I've been working on implementing OneTrust within our organization for the better portion of two months now and needless to say, it's been quite the learning process. At first, I was under the assumption that you could just "set it and forget it" after loading the script into our site code, but proved not to be the case. What I've found out going through this process is there is a certain way that doing a cookie consent initiative with OneTrust is more of a phased approach rather than just adding some scripts and calling it a day. Overall, here's what I've learned so far in hopes that it might help the OP, or someone else who happens to stumble upon this. This is a very abridged set of information as most of this could be found within other corners of the internet, but I wanted to at least share some of my trials and tribulations with setting up OneTrust.
Scan Site
When first setting up a site within OneTrust you need to scan the site for all cookies that are persistent. Depending on the size of the site, this could take a few days. Once that is done, it will have collected every cookie it can and then cross reference that with Cookiedatabase.org and will start to auto-classify some of the well-known ones that it can reference to. What you will need to then, is to categorize the cookies that are necessary, functional, targeting, and/or social. This is what makes OneTrust aware of any other cookies that it cannot associate within the cookie database and will associate them moving forward.
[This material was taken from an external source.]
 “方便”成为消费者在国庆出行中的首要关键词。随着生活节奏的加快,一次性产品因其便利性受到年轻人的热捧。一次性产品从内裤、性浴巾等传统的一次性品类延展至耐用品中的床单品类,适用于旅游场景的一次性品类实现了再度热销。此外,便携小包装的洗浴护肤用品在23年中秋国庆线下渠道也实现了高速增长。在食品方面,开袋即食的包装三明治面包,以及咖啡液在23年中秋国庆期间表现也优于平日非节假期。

One thing to note is that some of the descriptions that get pulled in from the cookie database are not exactly correct and have a tendency to mis-categorize some cookies for other ones. So, it's important to check (and re-check) this from time to time to make sure that you are categorizing certain cookies specifically for what they are supposed to be (e.g. - necessary, functional, etc). It's good to look them up separately to be sure.
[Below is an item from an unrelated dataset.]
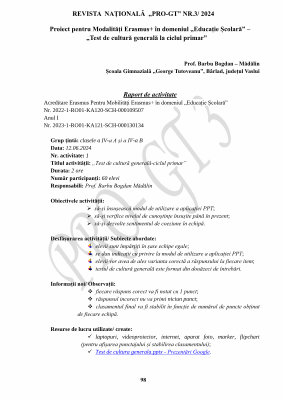 Desfășurarea activității / Subiecte abordate : elevii sunt împărțiți în șase echipe egale ; se dau indicații cu privire la modul de utilizare a aplicației PPT ; elevii vor avea de ales varianta corectă a răspunsului la fiecare item ; testul de cultură generală este format din douăzeci de întrebări .

Install Script and Testing
According to the OneTrust docs, the OneTrust script "needs to be installed as the very first script above all else...". If you can do this, great. If not, then it's not the end of the world, as I have tested this every which way, and it still seems to work if it's above or below some other scripts. It does need to be in the <head>
of your site, but it doesn't have to be the absolute first thing that loads. In my use case, we have it loading through Google Tag Manager set as a high-priority and it works fine, but you need to do some extra JavaScript stuff to make it load within the <head>
of the site otherwise it will error out. See this post for more details: https://www.simoahava.com/analytics/add-html-elements-page-programmatically/
When you generate the scripts to embed on the site OneTrust will generate a production script and a testing script. If you want to test to see how OneTrust will interact with your site and cookies, the best thing is to use the testing script to start with. That way it keeps the reporting separate and allows you to get a better idea of how it will interact with cookies overall. A simple test is to embed a simple cookie within a page on a site and within the class="optanon-category-C000X"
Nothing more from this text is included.